Diversion and/or management of the Ohau Channel is a management option that has been considered for a number of years, but the lack of an adequate understanding of the processes discussed above is a major block to any trials.

Algal dynamics and succession

Rutherford's report (Ref 4) and the Rotorua Lakes Water Quality 2002 report both show considerable variations in chlorophyll a levels in Lakes Rotorua and Rotoiti. Some of the variations can be explained by the sewage diversion and increases in catchment nitrate loads, but other peaks are clearly related to shorter-term events (like stratification and destratification episodes) causing nutrient peaks in Lake Rotorua, which may be transported to Lake Rotoiti.
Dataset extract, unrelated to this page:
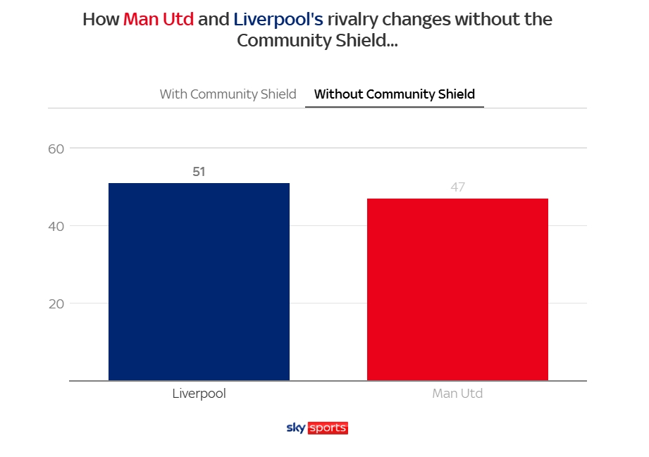 但如果不算上社区盾,利物浦已经在奖杯数上超过曼联,利物浦为51座,曼联为47座。这还是不算本赛季英超冠军的情况。

Depending on the time of the year and the weather conditions, these 'events' will provide opportunities for particular algae to bloom. In summer, especially in Lake Rotoiti, the result may be toxic blue-green algal blooms. These event-driven algal blooms are common in other parts of the world and effectively managing them requires an understanding of the events and processes that cause them.

In turn, this usually requires detailed monitoring of the processes and the succession of algae that bloom over the seasons. More intensive studies may also be needed to understand particular processes or interactions. So, for example, the blue-green algal blooms may have started from bottom sediment spores or living cells carried from Lake Rotorua, which bloomed in the western end of Lake Rotoiti and were then transported to the eastern end of the lake by wind or water currents.

Unfortunately, there is not adequate monitoring data to determine what happened, although there is good anecdotal evidence that the main blooms started in the western end of Lake Rotoiti. A better understanding of these processes is needed to focus management measures, but even with the existing knowledge some cosmetic management measures could be trialled.